Tobi Kahn, now 58, gave his mother a hand-made gift for her birthday every year throughout his life. They started as the sentimental hand-drawings of a child, but burgeoned into pieces worthy of the museum as he grew into a critically-acclaimed artist.
In early 2004, Kahn’s mother was diagnosed with pancreatic cancer, and lay dying in her hospital bed just a month later. Her son brought her bouquets of the flowers that she had always loved, but something in her treatment had made her sense of smell hyper-sensitive, and she could not stand the scent of the flowers in her room.
So, the artist turned to his paintings. He gathered a collection of his paintings of flowers and hung them around her hospital room, making what would become her deathbed a beautiful space for her other senses.
“We’re going from one place to another,” Kahn said, “and you should see beauty until the moment you leave.”
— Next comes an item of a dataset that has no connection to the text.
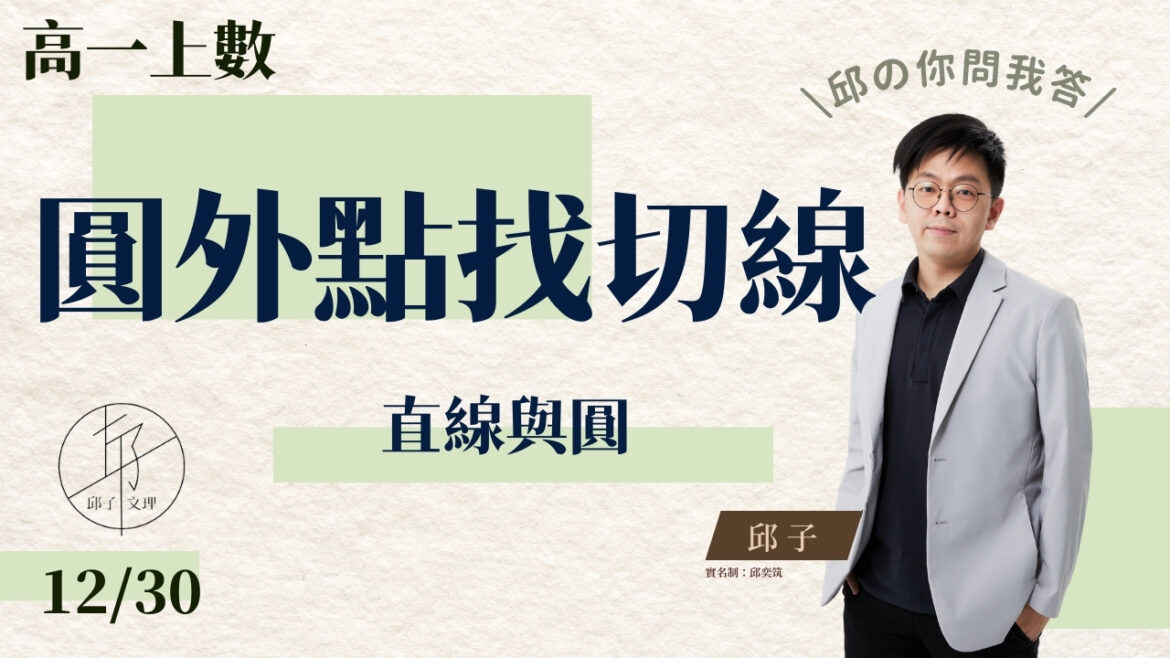 升學資訊《高一數學》 高一上數學EP.29《直線與圓:圓外點找切線》 by Jmathchiu 2025 年 12 月 30 日 written by Jmathchiu 播放影音 2025 年 12 月 30 日 0 comment 0 FacebookTwitterPinterestEmail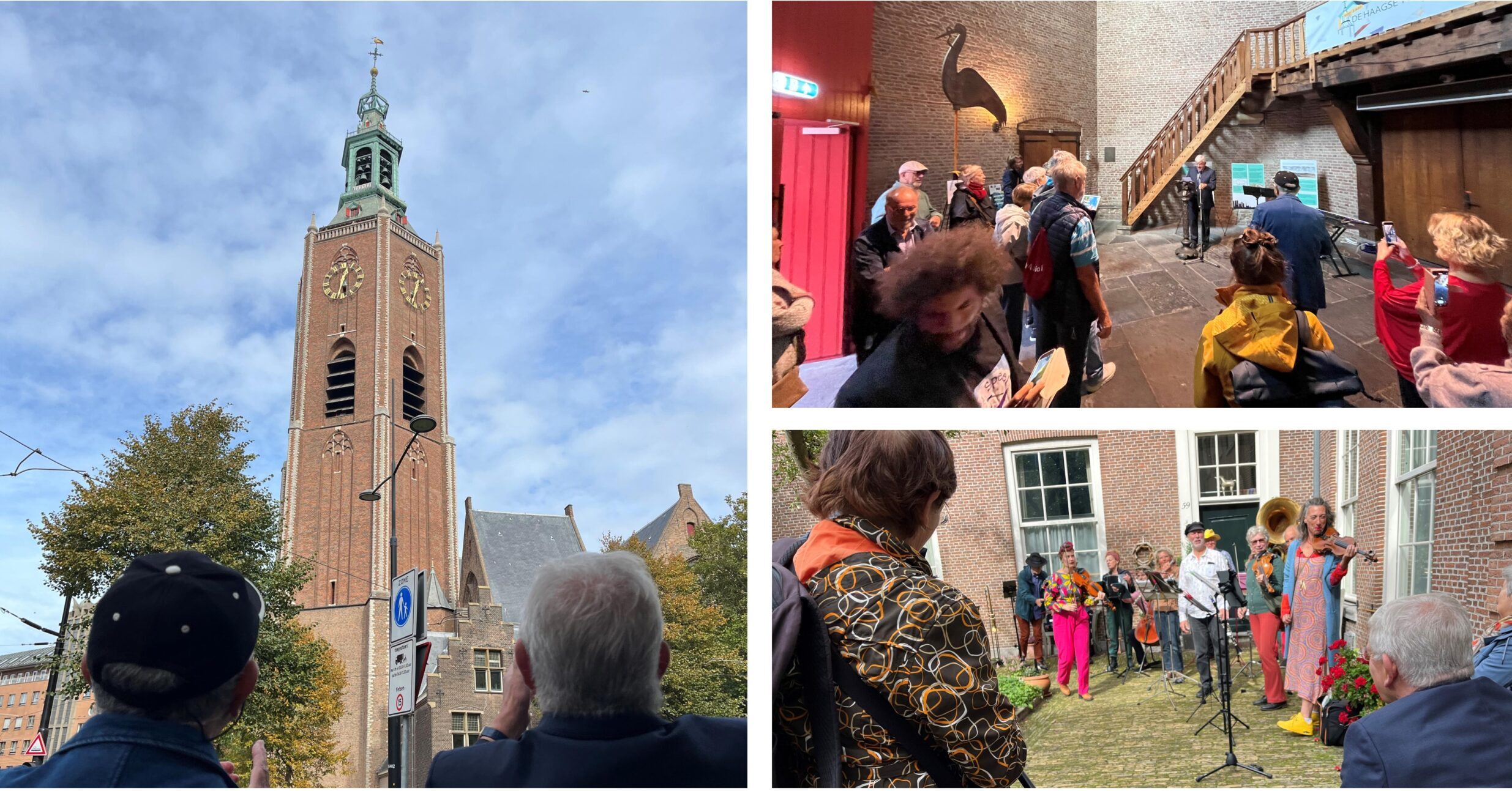 Ga rond het middaguur samen met Freek (kabinetszaken) naar de Haagse Toren bij de Grote Kerk. Jan Staallekker (voorzitter van de stichting Haagse Notûh) nodigde me uit voor een bijdrage aan de opening van het Haagse muziek- en poëziefestival ‘SSSttt… Geheim!’. Op verschillende locaties in Haagse hofjes brengen deelnemers de hoogtepunten uit de Haagse amateurmuziek en poëzie van Haagse dichters ten gehore. Jan doet me in- en uitgeleide. Spreek in de ontvangstruimte van de Haagse Toren de aanwezigen toe. Lopen dan snel naar buiten om te luisteren naar het ‘O, O, Den Haag’ dat stadsbeiaardier Gijsbert Kok vanaf de toren laat horen. Ook een orkest met 22 blazers laat vanaf de toren muziek horen. Wandel naar ‘t Hoofts Hofje. Daar brengt het ‘newklezcollectif’ een aantal Klezmer nummers ten gehore. Kleurrijk en muzikaal geheel.

Inspired by his mother’s experience, Kahn built a body of work whose purpose is to bring that beauty to the end of life. His collections have been displayed at the Guggenheim, the Museum of Biblical Art in New York, and the Museum of Contemporary Religious Art in St. Louis. He created various works for hospitals, hospices, and memorial chapels, ranging from single paintings to the design of an entire room for meditation.
After his mother’s death, Kahn began to ask clergymen and caretakers what kind of art people wanted to see at the end of life. He received recommendations and requests for details like soft, round edges, muted colors, low stimiuli, as well as broader, intangible ideas. He recalls specifically a request for art that imbued “a certain sense of dignity”.
The work expresses not only the artist’s lifelong observance of Orthodox Judaism, but also his commitment to making connections across religious boundaries. His relationship to death has certainly been sorted throughout his life. His parents were survivors of the Holocaust, and he was named for an uncle who was killed by Nazis at the age of 23. He grew up in Washington Heights, New York City, among Jewish emigrants from Germany, so death and suffering were never a hidden subject to him.
Yet, as a member of the Jewish priestly caste of Kohanim, Kahn is forbidden by religious law to attend a funeral of anyone but immediately family. This leaves him to express his grief through other outlets, which has probably had no small effect on his burgeoning creativitiy. When a girlfriend was stricken by cancer, the artist, in his mid-twenties, created a series of paintings that reflected her suffering during chemotherapry, as well as the anguish of Holocaust survivors.
Through his personal grieving process, Kahn has dedicated eleven projects to his mother’s memory, all with themes that embody a certain reverance for nature, as well as the concept in Judaism of sanctifying something by making it beautiful.
As the artist says, simply, Why shouldn’t the end of your life be beautiful?”